Clouds are designed to be abstract and various layers of functionality are hidden from the end user. Here we present an application named DataStore that is utilized by end users to store their documents in Cloud storage, e.g., dropbox [43]. The basic architecture of the service is depicted in Fig 4 where different layers of abstractions, i.e., end user, client application and Cloud architecture are depicted. We used the Eucalyptus Cloud as our infrastructure and the Walrus service for data storage. Additional services, i.e., ProvCollector and ProvManager are published to the architecture of the existing Cloud which interact with the Walrus Service. By using DataStore application within the environment of Cloud, we present a usecase involving different steps for the verification of data integrity as following: Step 1 (Upload Content): A User selects various files of different size and type at the client machine and uploads them to the Cloud storage using DataStore. The files are uploaded to the Cloud with the additional services in action, i.e., ProvCollector and ProvManager. Therefore, provenance information is collected and stored accordingly into provenance store for each file. Step 2 (Modify Content): We used a manual approach to modify the information (metadata) of original documents stored in Cloud. We changed different metadata like owner name, security permission, location, and number of pages of a file amongst other. We were able to perform this operation because the files are stored inside our private Cloud. In a real environment, such a situation happens because of threats like hacking, malicious softwares, data loss, hardware failure, and unauthorized access etc. Step 3 (Integrity Proof): Lastly we focused on the integrity proof. Here we used our Data Integrity service to compare the provenance information with the original data. As soon we retrieved the provenance information, the misplaced, missing or changed data was highlighted. Fig 5 depicts the difference between the original data and provenance information, i.e., integrity proof (using bold and red text). It is important to note that if the services which are used to store data in Clouds are hacked (unauthorized access); our provenance store will also contain information of the IP address from where such changes were made (tracking). Such an environment can be used to block suspicious IP addresses or users for the purpose of intrusion detection.

Fig 5

Visualization of integrity leaks to the end user.

Performance results

The DataStore application consists of three major services i.e. ProvRecorder, ProvManager and IntegrityTracker. The first two services are extra layers of integration in the Cloud environment and therefore they create extra overhead. The ProvRecorder adds computation overhead while collecting provenance from different layers of abstraction of Clouds. The ProvManager adds overhead because of the provenance management such as storage of provenance (storage overhead).
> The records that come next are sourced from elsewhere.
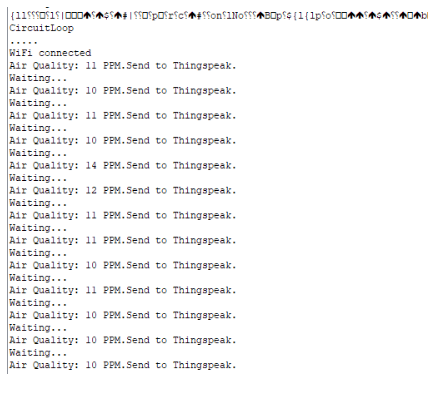 在void循環(huán)內(nèi)部,將測(cè)量函數(shù)空氣質(zhì)量,并使用. getppm()函數(shù)將值更改為PPM。之后,這些值將被發(fā)布到幾個(gè)ThingSpeak通道。
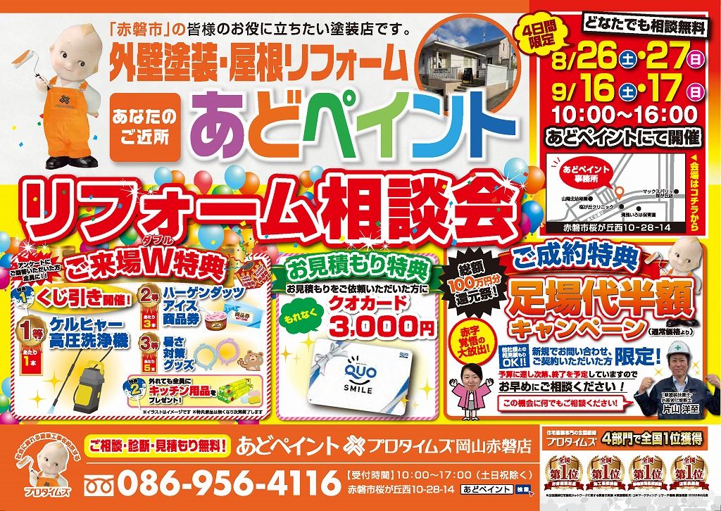 9月27日(土)・28日(日)の2日間限定で、来場・成約された方には豪華抽選&プレゼントをご用意。さらに、今なら「まだ間に合うリフォーム補助金」も活用できる絶好のチャンスです。まずは無料診断からお申し込みください。
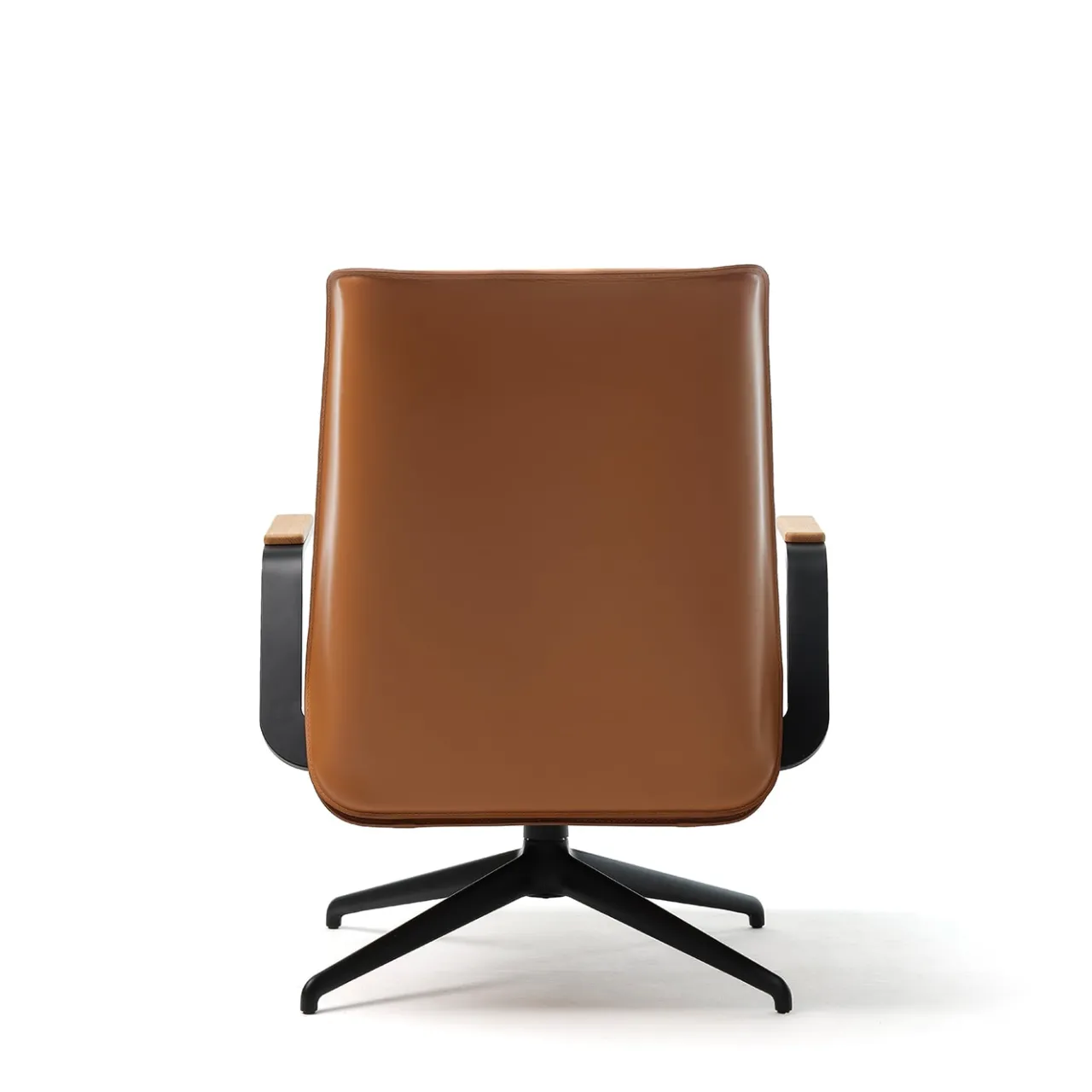 La poltrona Endo è un elegante design girevole realizzato in pelle bovina spessa, che unisce eleganza e durata. Il suo telaio in tubi d’acciaio sostiene pannelli di pelle cuciti senza schiuma o elastici, garantendo la sostenibilità e permettendo alla pelle di adattarsi in modo unico nel tempo. I braccioli in acciaio con uno strato di rovere massiccio aggiungono calore, mentre la base girevole a quattro razze con ritorno automatico aumenta il comfort. Disponibile in 20 colori. Contattare il concierge per maggiori dettagli. Disegnato da Alberto Colzani.
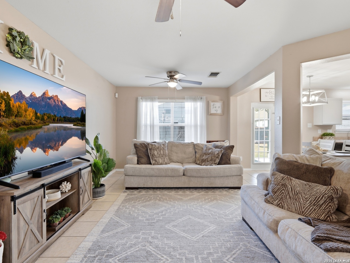 Welcome Home to 3409 Whisper Haven, a charming home located in Whisper Meadow. Enjoy the large shade trees in the front yard and the covered porch at the entry of the home. The home is inviting with a neutral color palette inside. The floor plan is perfect for entertaining with the living room and kitchen combination. The kitchen has plenty of cabinets and a kitchen island that is great for serving your favorite dishes. The laundry room is extra large and combined with the pantry giving you ample storage for your groceries and the extra space needed for your laundry machines. The half bath is just off of the kitchen and is great for guests. Upstairs you will find three spacious bedrooms. The primary bedroom has 2 closets and and a vanity with his and hers sinks. The secondary bedrooms are spacious with walk in closets. Backyard allows for plenty of room for playing games and for Fido. New AC 2025, Water Heater 2023, New Stove! Roof repairs were completed in 2021. Enjoy the community park, playground, sportscourt, and the vicinity to IH35. Schertz/Cibolo ISD, minutes to Randolph AFB. ASSUMABLE LOAN AVAILABLE!
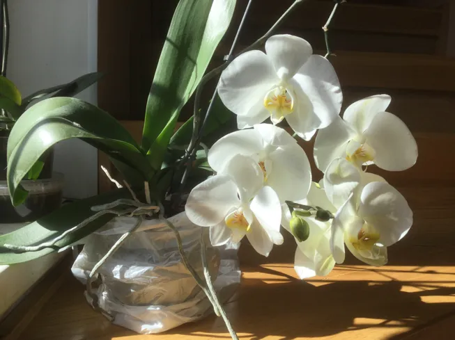 Поставила на пол, чтобы получше рассмотреть все цветоносы.
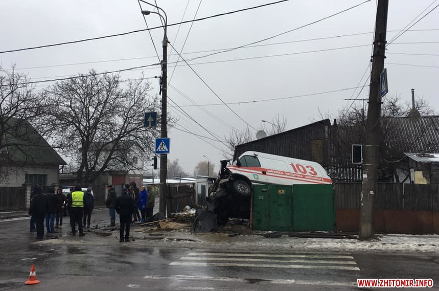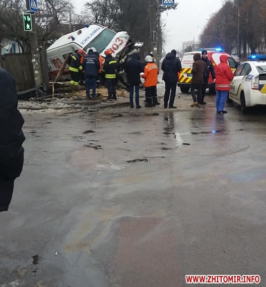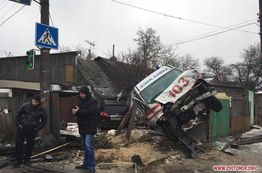 «Повідомлення про дорожньо-транспортну пригоду надійшло о 10.27 год. За попередньою інформацією, на перехресті вулиць Івана Мазепи та Домбровського автомобіль швидкої допомоги здійснив зіткнення з Hyundai Santa Fe, після чого обидва автомобілі в’їхали у будинок. Попередньо, внаслідок пригоди травми отримали шестеро осіб. Триває з’ясування всіх обставин», – поінформував речник патрульної поліції Житомирської області Ігор Іванюк.

The IntegrityTracker service mines the provenance storage and displays any integrity violation to the end user. The results are calculated using a client/server architecture of three machines with various components of Eucalyptus Cloud installed on individual machines for which the details are provided in Table 3. The subsections present the collection and storage overhead of our proposed scheme.

Table 3

System details for evaluation.

Resource	Operating System	Memory (MB)	Eucalyptus Component	Disk Size (GB)	CPU Architecture	CPU Cores	Network (Mb/s)
Machine 1 (Server)	Ubuntu 10.04	2048	Walrus	80	x84_64 Intel(R) Core (TM) 2	2 (2.33 GHz)	100
Machine 2 (Server)	CentOS 6.4	4192	Cluster, Node	250	x84_64 Intel(R) Core (TM)2	4 (2.83 GHz)	100
Machine 3 (Client)	Ubuntu 12.04	2048	Amazon SDK	80	x84_64 Intel(R) Core (TM) 2	2 (2.13 GHz)	100

ProvCollector overhead

To evaluate the collection overhead, we executed a scenario where various objects of different size and formats (see S1 Dataset) from the client machine are uploaded to a Cloud with and without the support of provenance. We steadily increased the number of objects from 200 to 1000 and calculated the time required to upload each additional 200 objects. The calculated overhead is measured via elapsed time between the objects with/without the provenance, i.e., Elapsed Time = Time taken by objects with the provenance minus the time taken by objects without the provenance The overhead is presented in Fig 6.

Fig 6

Results of the calculated time (minutes:seconds format) with and without the provenance for Eucalyptus Walrus.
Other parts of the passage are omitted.